The Dynamics 365 connector's performance depends on several factors:

Initial sync time

  • Data volume: Tables with millions of records take longer to sync initially.
  • Synapse Link export: Initial Synapse Link export can take hours for large datasets.
  • Network throughput: Transfer speed between Azure and Databricks affects sync time.

Recommendation: Start with a small subset of tables to validate the setup, then add more tables incrementally.

Incremental sync time

  • Change volume: High-frequency changes (for example, thousands of updates per minute) increase processing time.
  • Folder count: Synapse Link creates folders at regular intervals. More folders increase processing overhead.
  • Changelog size: Large changelogs take longer to process.
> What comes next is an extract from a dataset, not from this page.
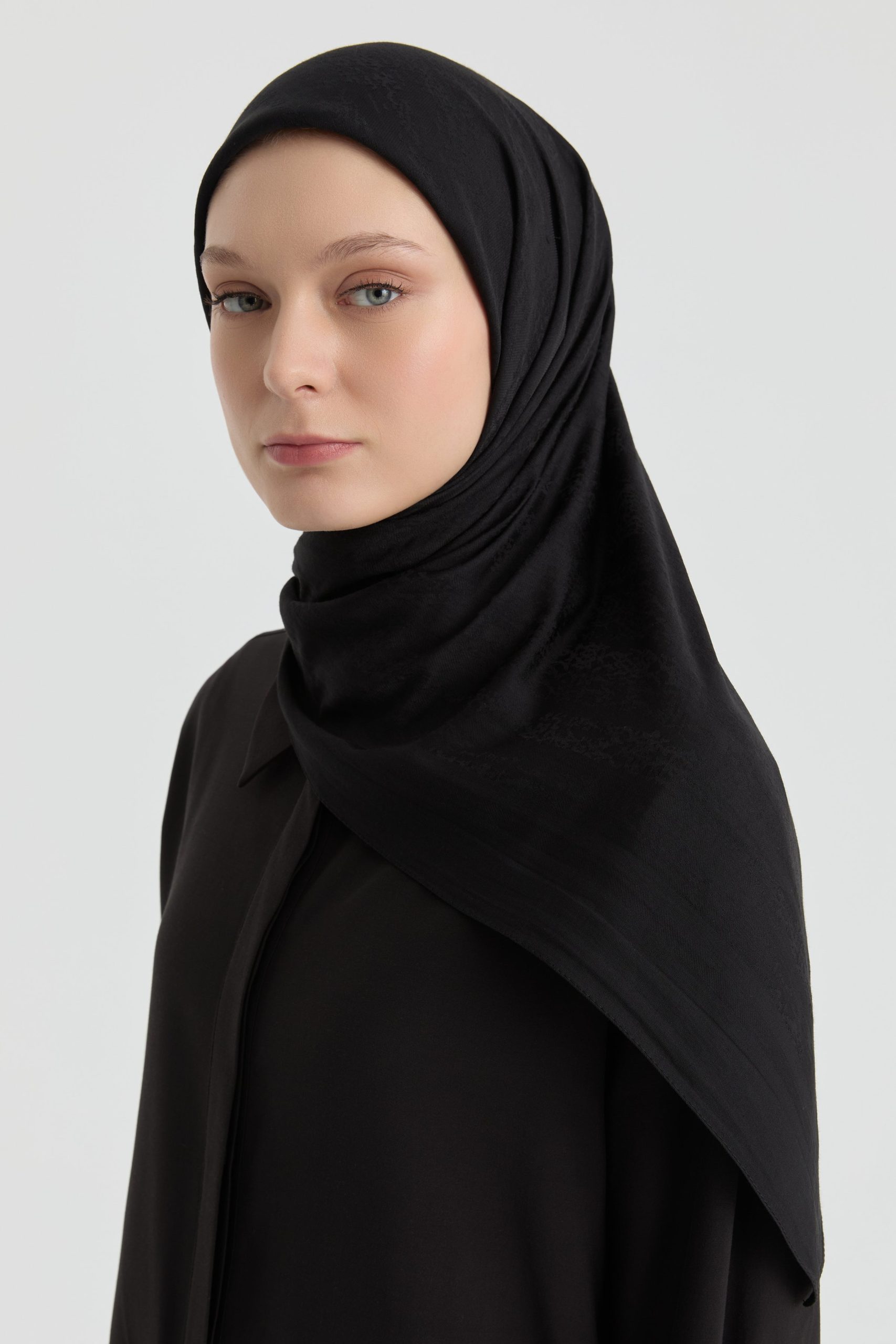 يبرز وشاح جاكار الساحر الأناقة البسيطة من خلال النقوش الدقيقة المنسوجة في القماش. تضيف بنية نسيج الجاكار عمقًا خفيفًا للوشاح بينما يمنحه المظهر غير اللامع مظهرًا أنيقًا ونقيًا.

Recommendation: Schedule pipeline runs based on your change volume. For high-frequency changes, run pipelines more often to keep changelogs small.

Pipeline limitations

The Dynamics 365 connector has these pipeline-specific limitations:

  • Maximum tables per pipeline: 250 tables. For large D365 environments, create multiple pipelines.
  • No UI authoring: At this time, you must create pipelines using the CLI, Databricks Asset Bundles, or notebooks.
note

The 250 table limit is per pipeline, not per connection. To ingest more than 250 tables, create multiple pipelines using the same connection.

API and SDK limitations

The Dynamics 365 connector uses Dataverse and Azure Storage APIs with these limitations:

  • API version compatibility: The connector is tested with Dataverse API v9.2 and later. Older versions might not be supported.
  • Azure Storage API: The connector uses Azure Storage REST API version 2021-08-06. Make sure that your storage account supports this version.
  • Synapse Link version: The connector requires Azure Synapse Link for Dataverse version 1.0 or later.

Recommendation: Keep your D365, Dataverse, and Azure services updated to the latest versions for best compatibility.

Known issues

  • Virtual entity synchronization delays: Virtual entities sometimes take longer than 15 minutes to synchronize. If tables don't appear, wait up to 30 minutes and retry.
  • Synapse Link export failures: Synapse Link occasionally fails to export specific tables. Check Synapse Link logs in Power Apps for errors.
  • Changelog VersionNumber gaps: In rare cases, changelogs might have gaps in VersionNumber sequences. This doesn't affect data integrity but might cause warnings in pipeline logs.

Report issues to Databricks support with pipeline IDs and timestamps for investigation.